##### Task inputs #####

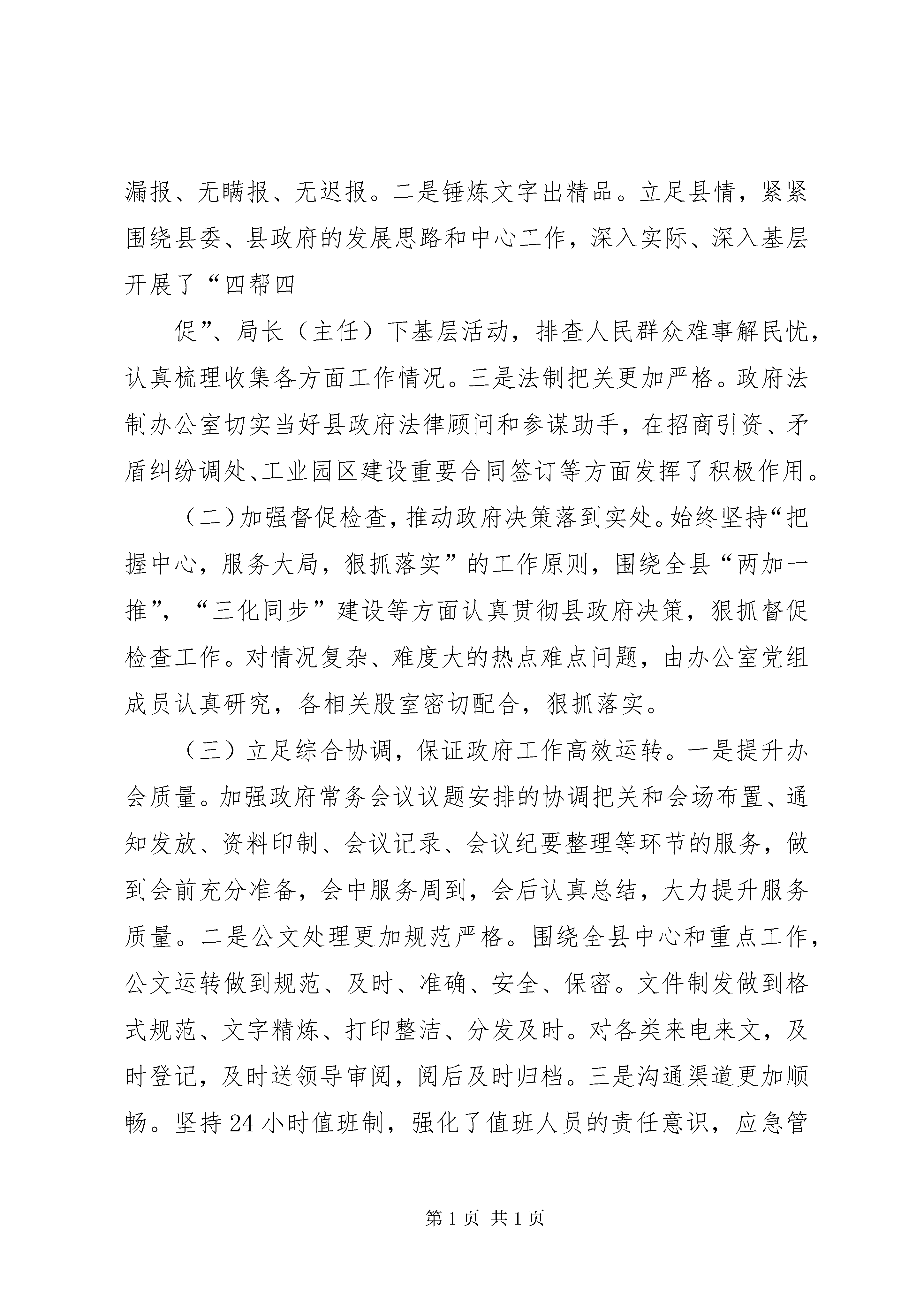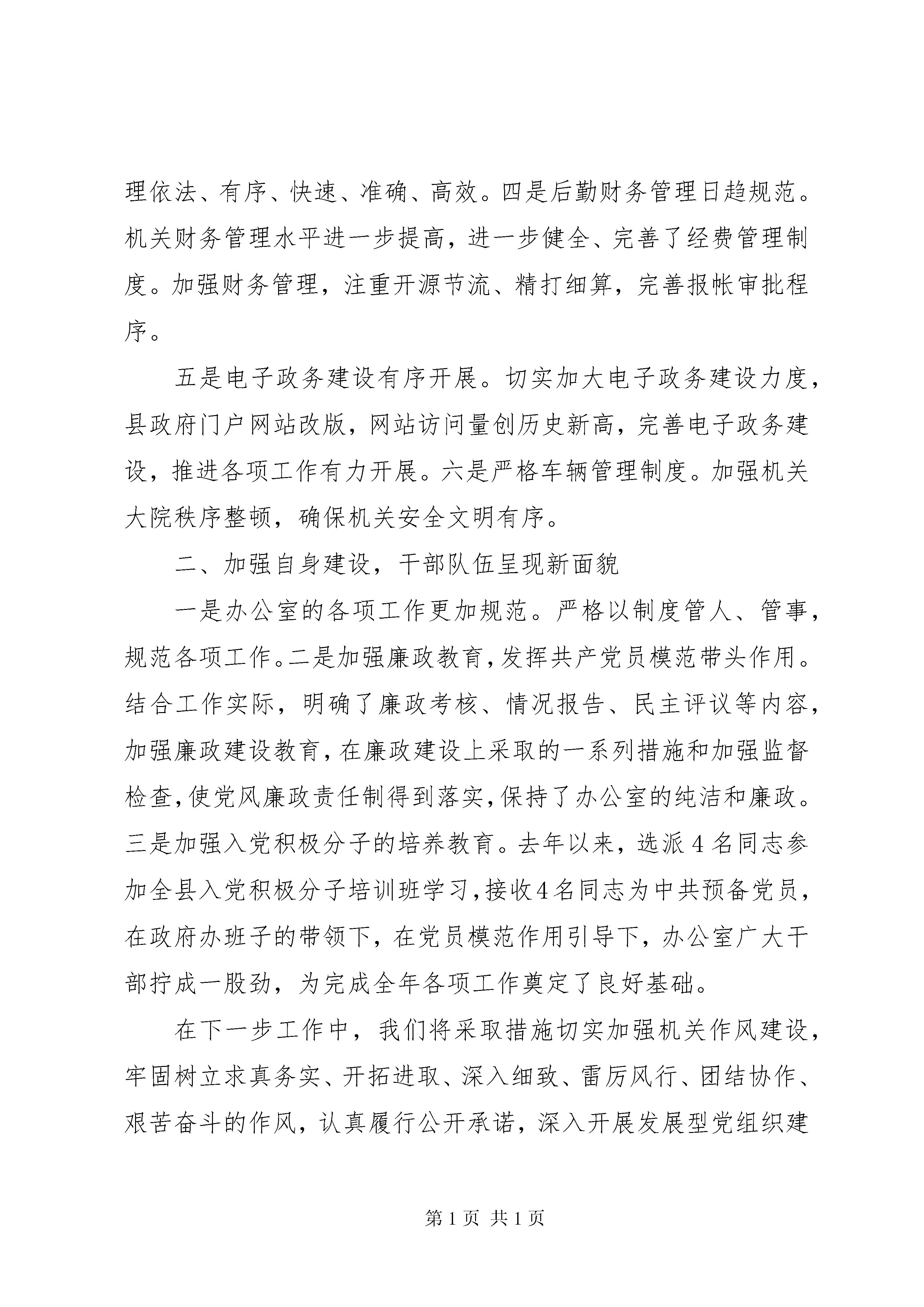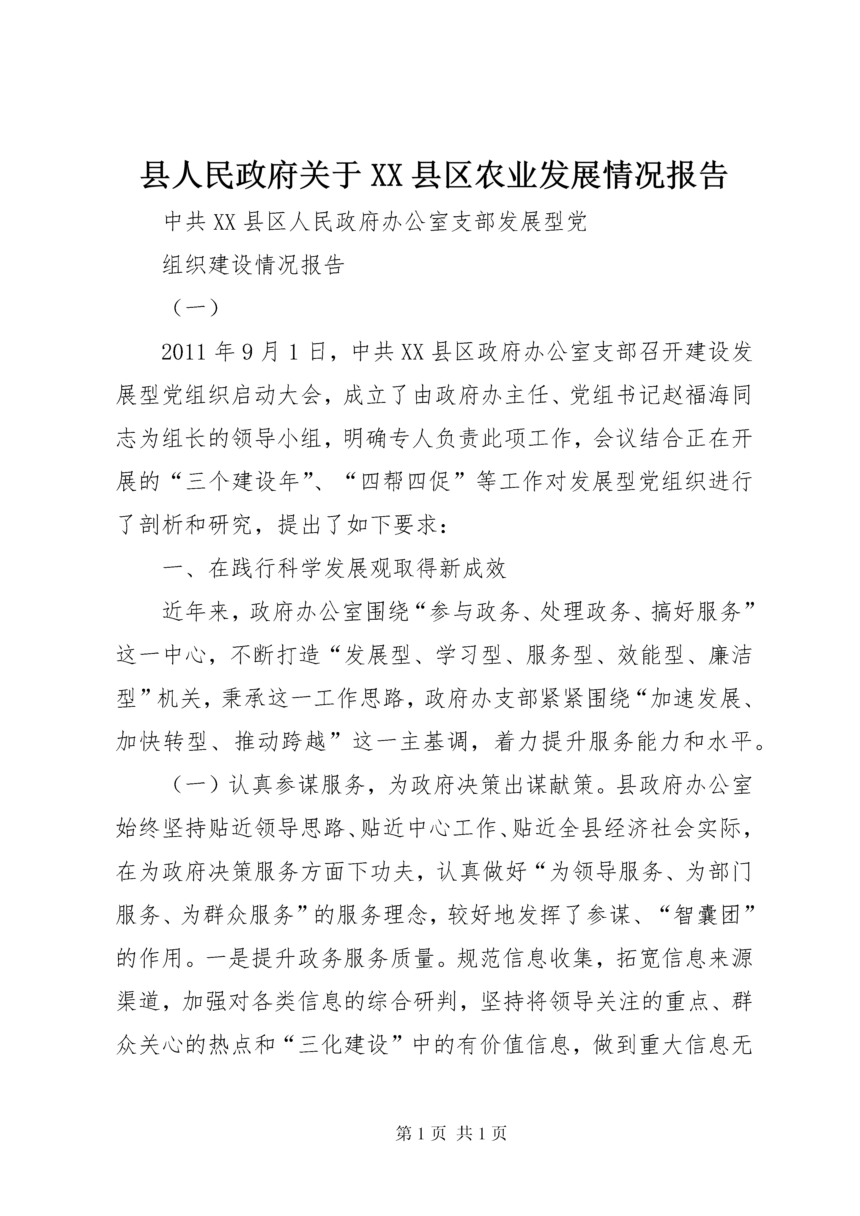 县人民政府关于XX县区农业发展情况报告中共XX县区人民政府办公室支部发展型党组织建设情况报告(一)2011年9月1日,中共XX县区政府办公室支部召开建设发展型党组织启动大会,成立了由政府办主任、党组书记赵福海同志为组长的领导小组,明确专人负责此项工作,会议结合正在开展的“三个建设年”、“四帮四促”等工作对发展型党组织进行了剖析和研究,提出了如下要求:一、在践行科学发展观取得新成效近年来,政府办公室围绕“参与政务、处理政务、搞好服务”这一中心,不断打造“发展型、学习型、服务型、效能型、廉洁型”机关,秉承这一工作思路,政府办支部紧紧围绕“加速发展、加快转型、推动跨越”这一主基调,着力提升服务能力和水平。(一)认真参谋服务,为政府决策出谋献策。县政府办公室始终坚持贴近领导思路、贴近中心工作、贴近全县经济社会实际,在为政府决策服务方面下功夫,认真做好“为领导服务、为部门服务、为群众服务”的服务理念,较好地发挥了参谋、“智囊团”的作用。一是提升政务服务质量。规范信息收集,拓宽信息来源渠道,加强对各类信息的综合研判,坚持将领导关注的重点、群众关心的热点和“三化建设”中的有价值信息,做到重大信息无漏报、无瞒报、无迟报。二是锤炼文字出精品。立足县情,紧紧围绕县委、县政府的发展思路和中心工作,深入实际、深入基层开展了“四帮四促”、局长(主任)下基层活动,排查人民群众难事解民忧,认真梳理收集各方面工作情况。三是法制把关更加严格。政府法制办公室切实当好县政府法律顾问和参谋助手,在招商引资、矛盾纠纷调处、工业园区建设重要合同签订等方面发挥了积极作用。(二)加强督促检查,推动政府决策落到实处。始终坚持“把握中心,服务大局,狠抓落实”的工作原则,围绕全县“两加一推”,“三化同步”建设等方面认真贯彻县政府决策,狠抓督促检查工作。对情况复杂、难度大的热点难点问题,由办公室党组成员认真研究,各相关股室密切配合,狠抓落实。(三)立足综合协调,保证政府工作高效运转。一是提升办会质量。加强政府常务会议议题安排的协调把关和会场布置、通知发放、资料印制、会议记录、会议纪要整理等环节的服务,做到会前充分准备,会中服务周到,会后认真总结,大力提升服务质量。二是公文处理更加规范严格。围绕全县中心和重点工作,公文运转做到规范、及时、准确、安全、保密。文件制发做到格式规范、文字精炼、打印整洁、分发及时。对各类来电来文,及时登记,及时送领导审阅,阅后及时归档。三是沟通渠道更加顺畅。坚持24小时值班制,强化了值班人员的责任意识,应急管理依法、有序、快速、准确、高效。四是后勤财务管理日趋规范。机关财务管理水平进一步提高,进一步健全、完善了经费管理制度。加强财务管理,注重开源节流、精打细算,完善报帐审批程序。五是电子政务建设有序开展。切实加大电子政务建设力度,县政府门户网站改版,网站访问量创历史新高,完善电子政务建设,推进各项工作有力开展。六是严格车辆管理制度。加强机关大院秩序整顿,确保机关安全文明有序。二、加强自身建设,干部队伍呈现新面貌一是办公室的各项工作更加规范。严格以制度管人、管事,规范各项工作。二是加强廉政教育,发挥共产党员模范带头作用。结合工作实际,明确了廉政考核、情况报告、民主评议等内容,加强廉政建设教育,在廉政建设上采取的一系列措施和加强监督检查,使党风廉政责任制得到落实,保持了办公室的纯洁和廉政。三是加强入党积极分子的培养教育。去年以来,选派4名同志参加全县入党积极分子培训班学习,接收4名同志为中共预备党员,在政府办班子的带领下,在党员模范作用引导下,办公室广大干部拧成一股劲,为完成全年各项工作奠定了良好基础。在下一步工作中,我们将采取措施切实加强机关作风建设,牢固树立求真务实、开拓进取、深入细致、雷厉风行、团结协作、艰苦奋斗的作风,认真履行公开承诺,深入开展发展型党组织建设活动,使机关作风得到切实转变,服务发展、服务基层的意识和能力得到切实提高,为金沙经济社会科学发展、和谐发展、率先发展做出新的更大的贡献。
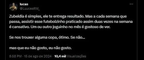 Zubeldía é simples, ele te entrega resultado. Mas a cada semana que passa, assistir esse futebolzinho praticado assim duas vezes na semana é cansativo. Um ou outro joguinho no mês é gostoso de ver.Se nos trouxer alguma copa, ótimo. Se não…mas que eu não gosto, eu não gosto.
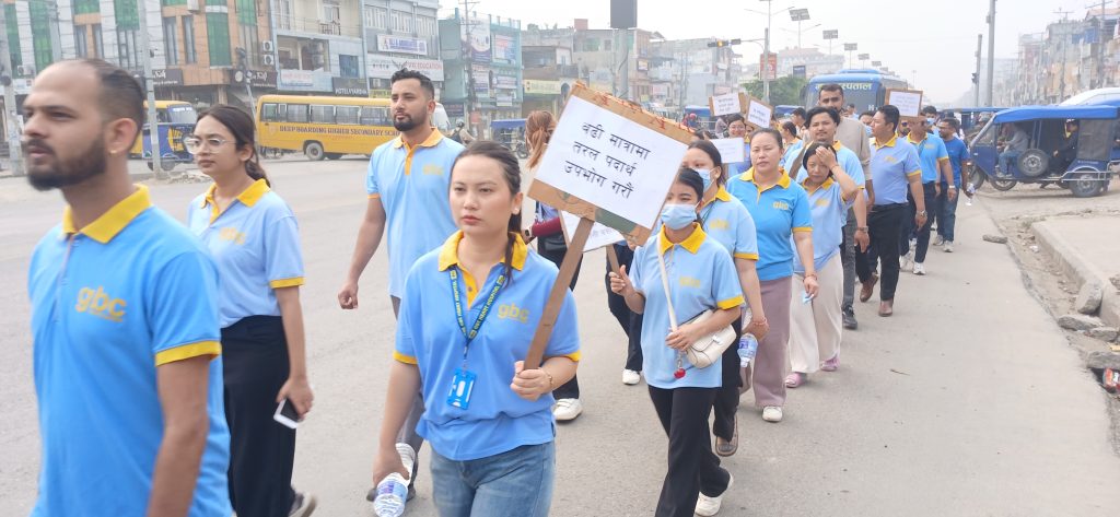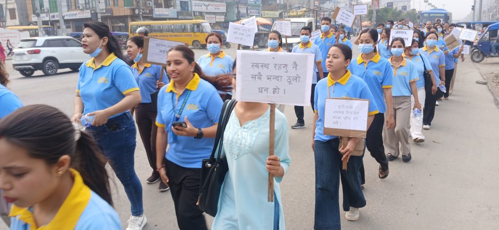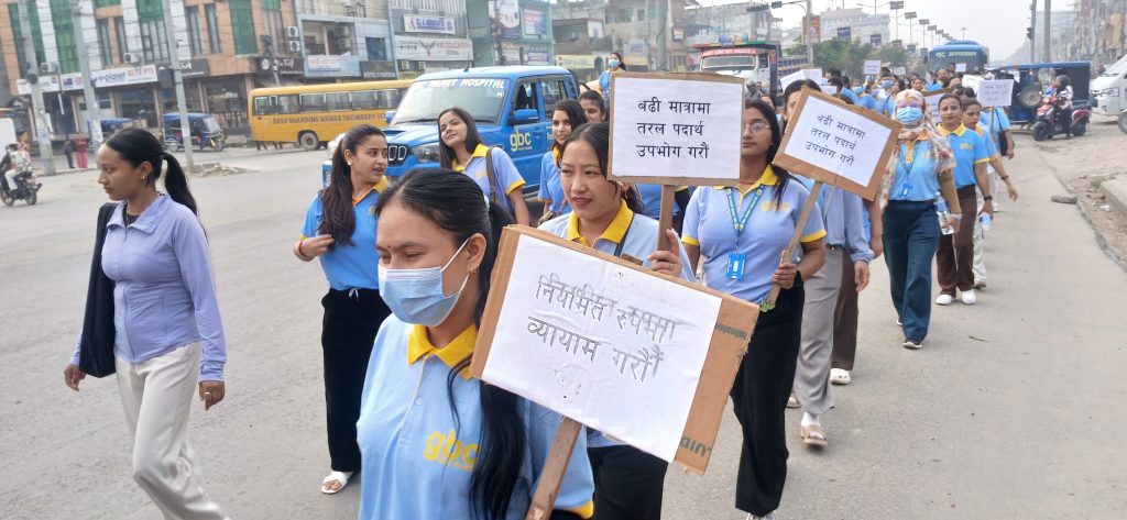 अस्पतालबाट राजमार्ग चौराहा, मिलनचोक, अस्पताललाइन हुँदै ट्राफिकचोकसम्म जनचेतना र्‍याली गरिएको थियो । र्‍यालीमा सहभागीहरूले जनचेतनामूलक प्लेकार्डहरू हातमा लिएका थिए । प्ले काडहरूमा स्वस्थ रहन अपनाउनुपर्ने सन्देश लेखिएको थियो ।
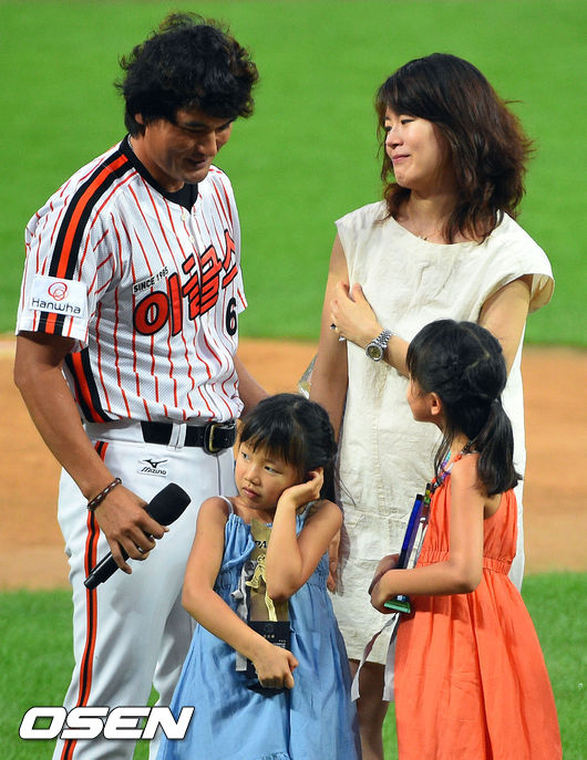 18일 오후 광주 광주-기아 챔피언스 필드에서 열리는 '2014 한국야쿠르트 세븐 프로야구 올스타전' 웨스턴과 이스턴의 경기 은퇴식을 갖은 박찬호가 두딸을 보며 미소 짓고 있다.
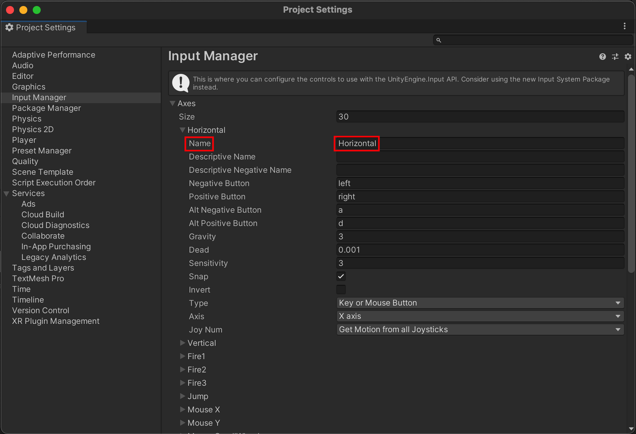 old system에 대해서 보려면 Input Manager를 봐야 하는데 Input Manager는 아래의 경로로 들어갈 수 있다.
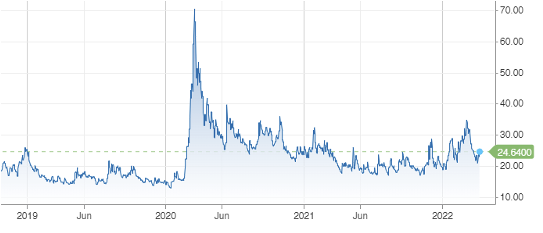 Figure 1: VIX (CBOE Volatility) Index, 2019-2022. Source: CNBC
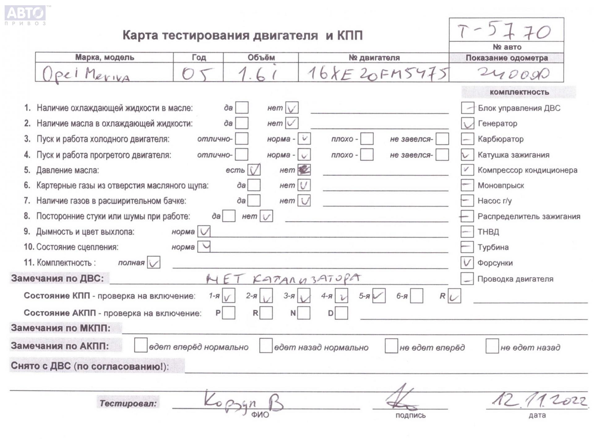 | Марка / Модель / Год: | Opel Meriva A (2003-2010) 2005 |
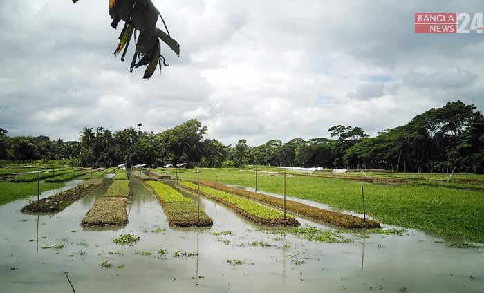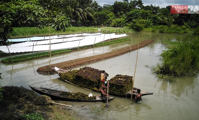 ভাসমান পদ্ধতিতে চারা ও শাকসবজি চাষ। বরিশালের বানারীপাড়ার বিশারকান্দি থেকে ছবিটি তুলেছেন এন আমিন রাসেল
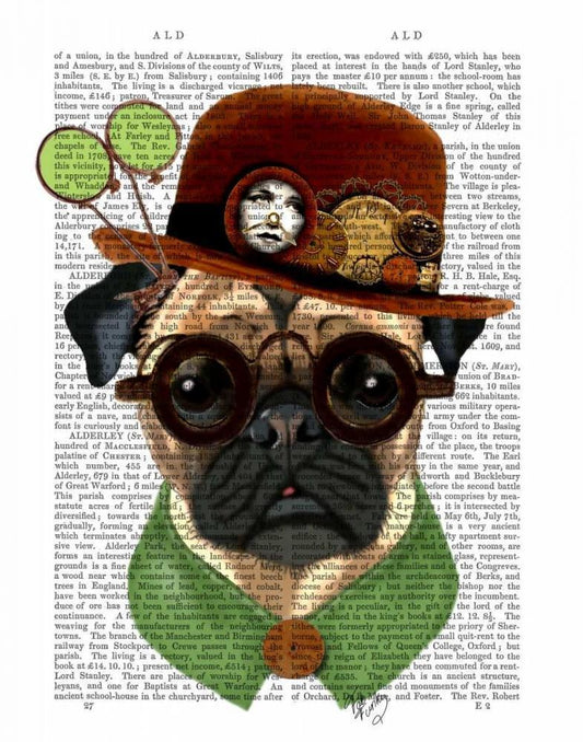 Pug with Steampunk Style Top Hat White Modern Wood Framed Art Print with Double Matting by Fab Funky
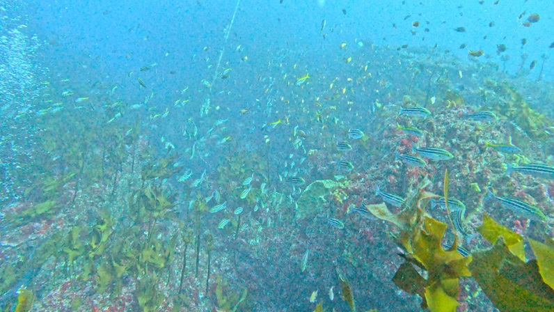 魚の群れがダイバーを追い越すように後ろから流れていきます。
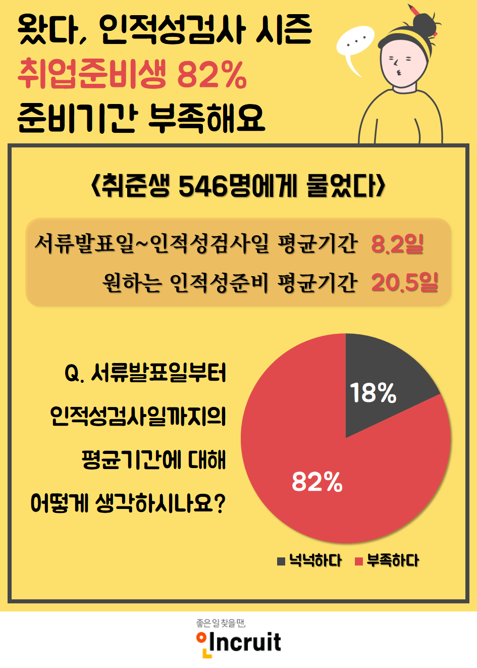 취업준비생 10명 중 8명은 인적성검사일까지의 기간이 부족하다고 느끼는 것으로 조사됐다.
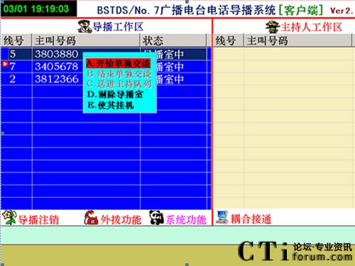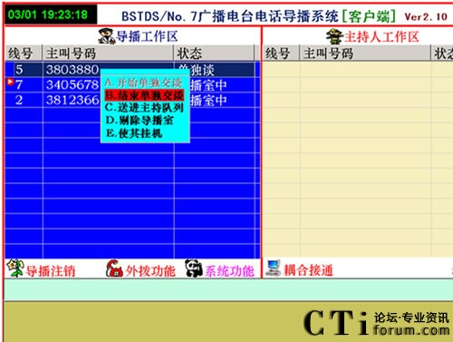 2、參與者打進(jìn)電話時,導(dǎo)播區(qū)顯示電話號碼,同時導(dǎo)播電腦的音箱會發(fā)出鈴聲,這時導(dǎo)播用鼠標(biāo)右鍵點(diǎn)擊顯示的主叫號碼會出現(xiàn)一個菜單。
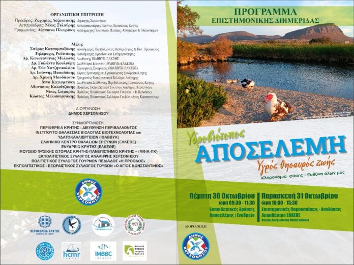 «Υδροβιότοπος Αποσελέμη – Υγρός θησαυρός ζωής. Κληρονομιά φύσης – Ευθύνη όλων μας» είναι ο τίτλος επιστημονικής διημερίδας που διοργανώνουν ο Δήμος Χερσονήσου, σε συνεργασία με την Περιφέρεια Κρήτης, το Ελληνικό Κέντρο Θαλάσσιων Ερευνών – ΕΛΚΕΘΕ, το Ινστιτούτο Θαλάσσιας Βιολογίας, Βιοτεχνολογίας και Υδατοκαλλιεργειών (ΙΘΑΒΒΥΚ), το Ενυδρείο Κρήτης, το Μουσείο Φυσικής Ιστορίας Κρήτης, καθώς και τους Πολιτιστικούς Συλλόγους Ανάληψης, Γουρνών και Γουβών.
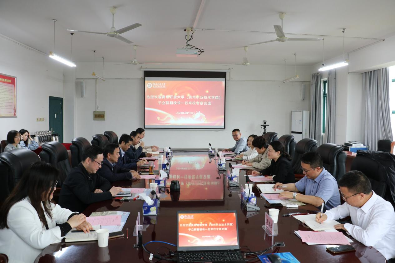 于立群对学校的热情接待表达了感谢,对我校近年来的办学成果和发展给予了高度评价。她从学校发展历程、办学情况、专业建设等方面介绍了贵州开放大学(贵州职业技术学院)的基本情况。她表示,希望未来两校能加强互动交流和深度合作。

#####

• _Exercise aim_: Retype only the lines above from the one with "18일 오후 광주 광주-기아" through the one with "ভাসমান পদ্ধতিতে চারা", exactly and with both ends. Images stay out.

• _Answer to the exercise_:
 18일 오후 광주 광주-기아 챔피언스 필드에서 열리는 '2014 한국야쿠르트 세븐 프로야구 올스타전' 웨스턴과 이스턴의 경기 은퇴식을 갖은 박찬호가 두딸을 보며 미소 짓고 있다.
 old system에 대해서 보려면 Input Manager를 봐야 하는데 Input Manager는 아래의 경로로 들어갈 수 있다.
 Figure 1: VIX (CBOE Volatility) Index, 2019-2022. Source: CNBC
 | Марка / Модель / Год: | Opel Meriva A (2003-2010) 2005 |
 ভাসমান পদ্ধতিতে চারা ও শাকসবজি চাষ। বরিশালের বানারীপাড়ার বিশারকান্দি থেকে ছবিটি তুলেছেন এন আমিন রাসেল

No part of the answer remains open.